NAPM condemn police’s and administration’s handling of the Hathras incident

Nine activists visit Hathras, Uttar Pradesh to document the aggrieved family’s account of the series of events related to the Hathras crime.

NAPM

Nine members to the National Alliance of People’s Movement’s (NAPM) representatives visited the Hathras victim’s family at Bulgarhi village on October 9, 2020 to listen to compile a detailed fact-finding report of the case. The activists attempted to highlight the inhumane factors of the incident. Accordingly, they expressed solidarity with the victim’s family, who was dubbed ‘Dasya’ in the report, in their battle against casteist politics and injustice.

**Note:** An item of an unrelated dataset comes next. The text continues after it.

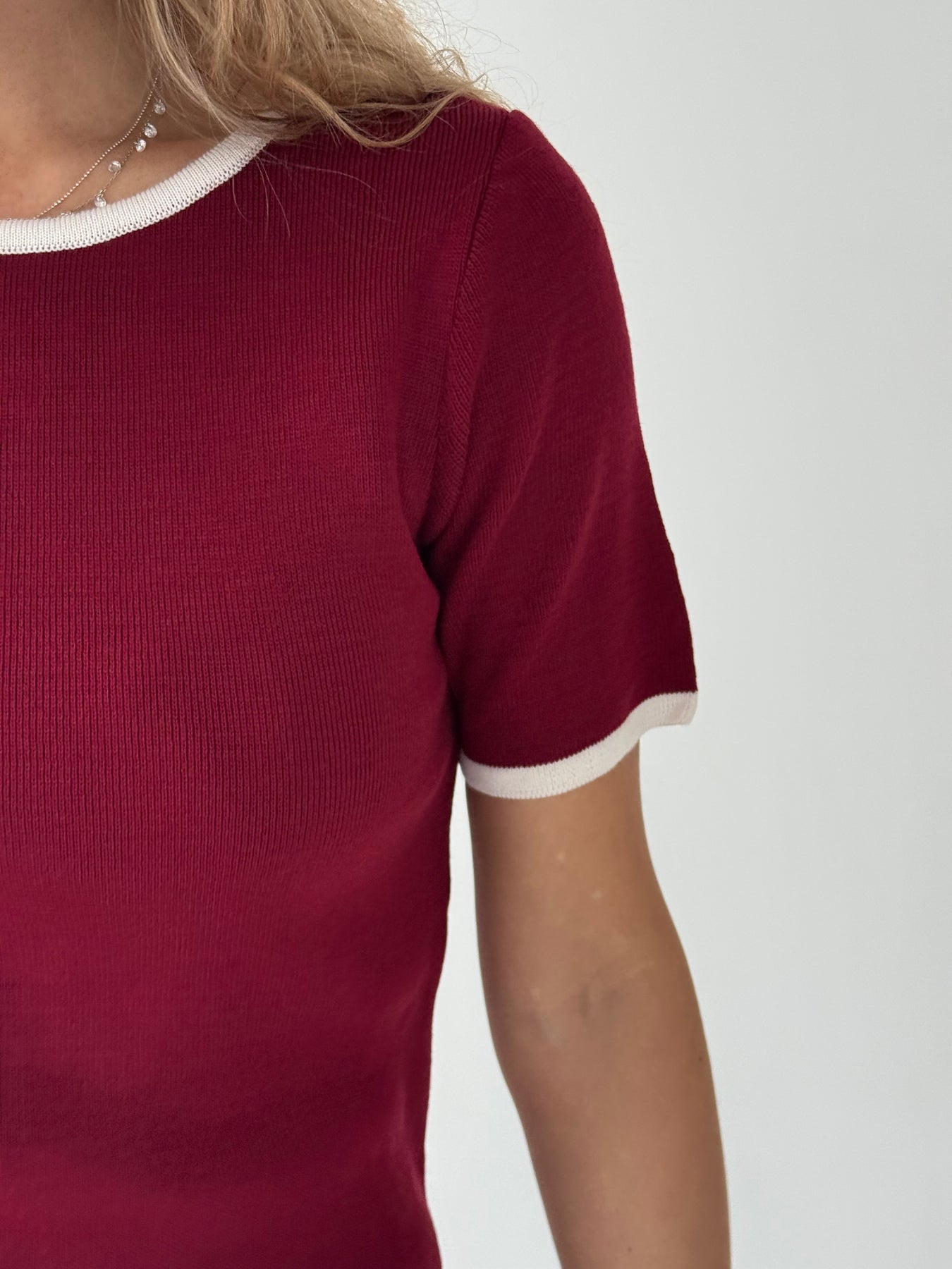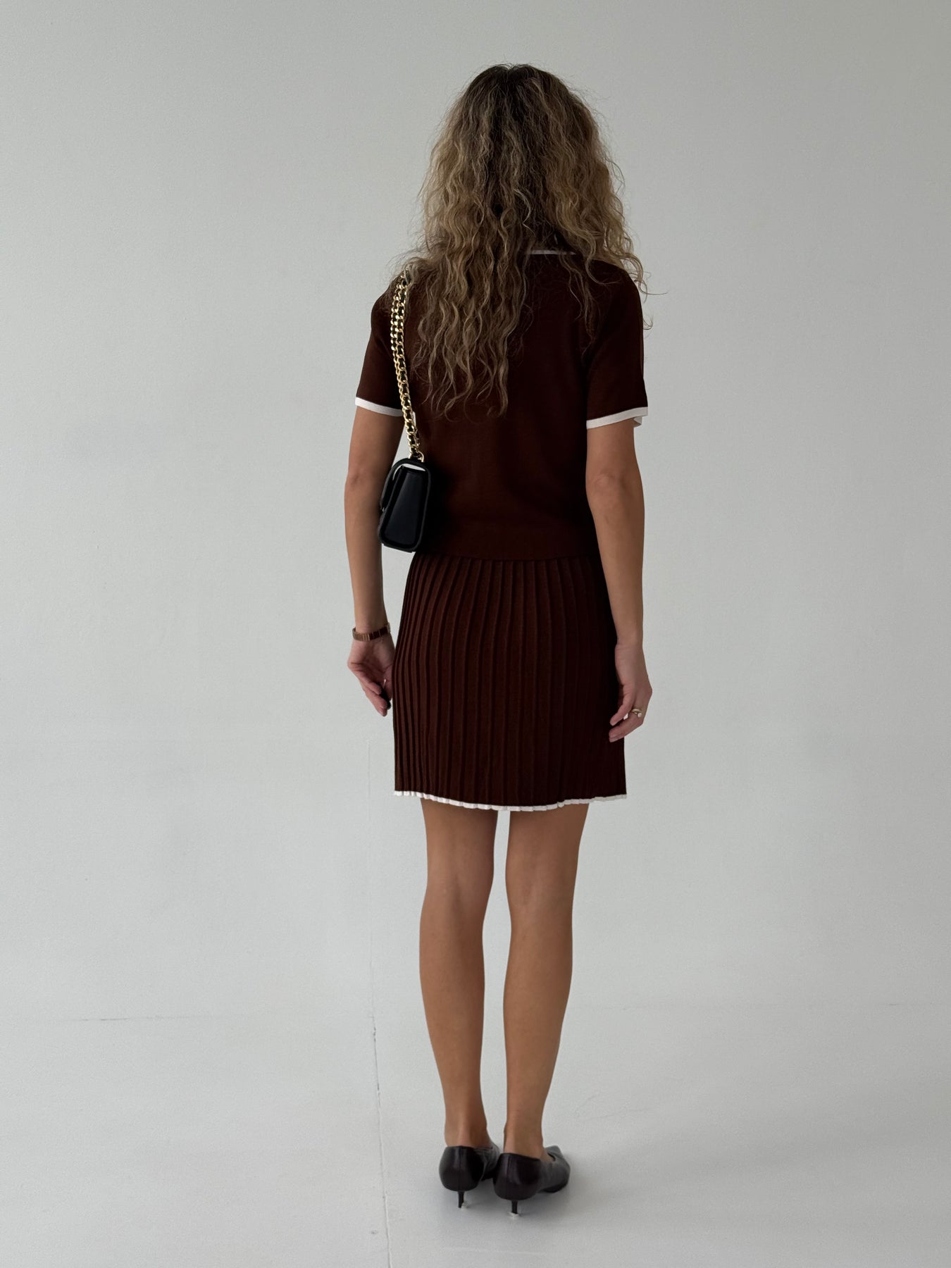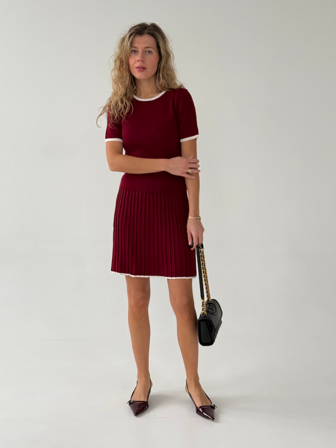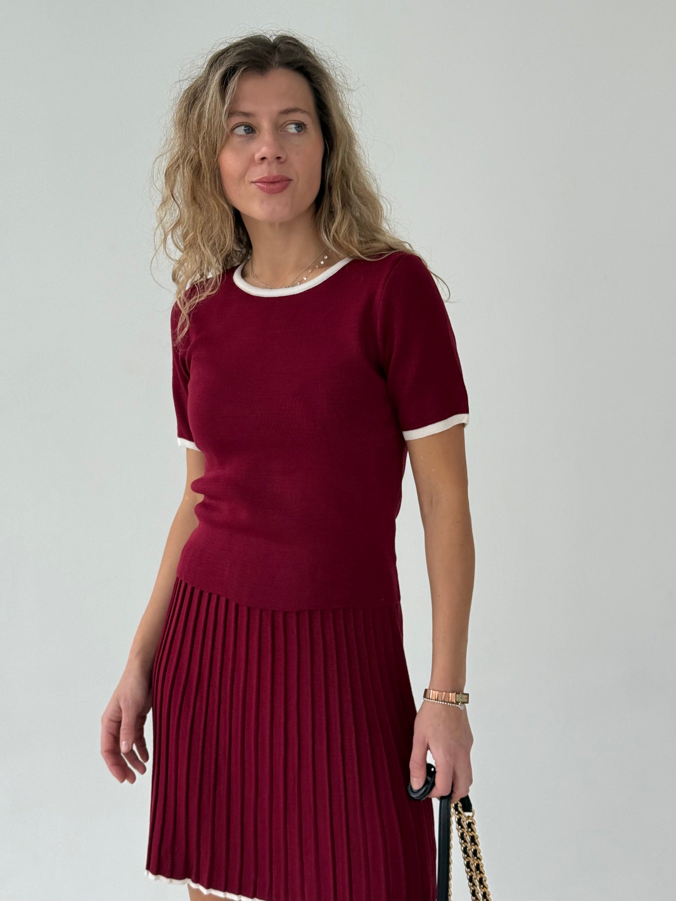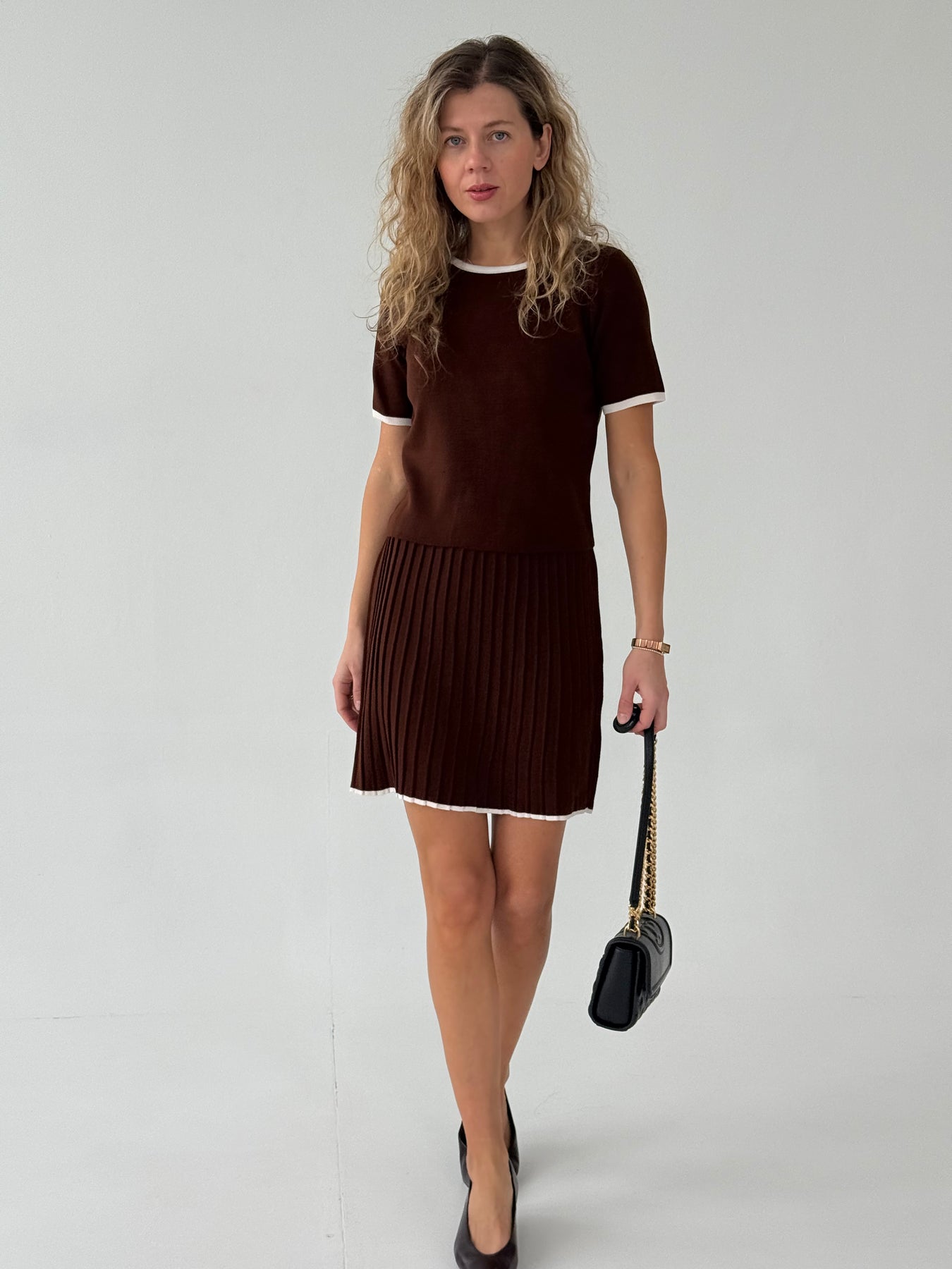 Trikotāžas plisētu svārku un topa komplekts. Tops ar apaļu kakla izgriezumu un īsām piedurknēm. Tops ir no mīksta un elastīga auduma. Tops ir puspieguļoša piegriezuma. Svārki ar paaugstinātu jostasvietu un iestrādātu gumiju jostasvietā. Svārki ir pustaisna piegriezuma.

While detailing events of the past two months, activists like Medha Patkar and advocate Ehtesham Hashmi highlighted said the Hathras crime – that occurred 14 years after the Khairlanji massacre of Scheduled Caste people in Bhandara district of Maharashtra – indicated the cumulative effect of caste and gender on marginalised communities.

Role of caste in Hathras crime

The report described the case as being “entangled in a controversy but also in the casteist politics, denying the facts narrated by the family and openly accusing them of lying and honour killing.”

Bulgarhi village, where the incident took place, is home to 15 Dalit families out of more than 600 families that have experienced a number of repressive acts and atmosphere over several decades. The minority group only recently began to stand up to upper caste families like the Thakurs who use services of Dalit families as agricultural labourers.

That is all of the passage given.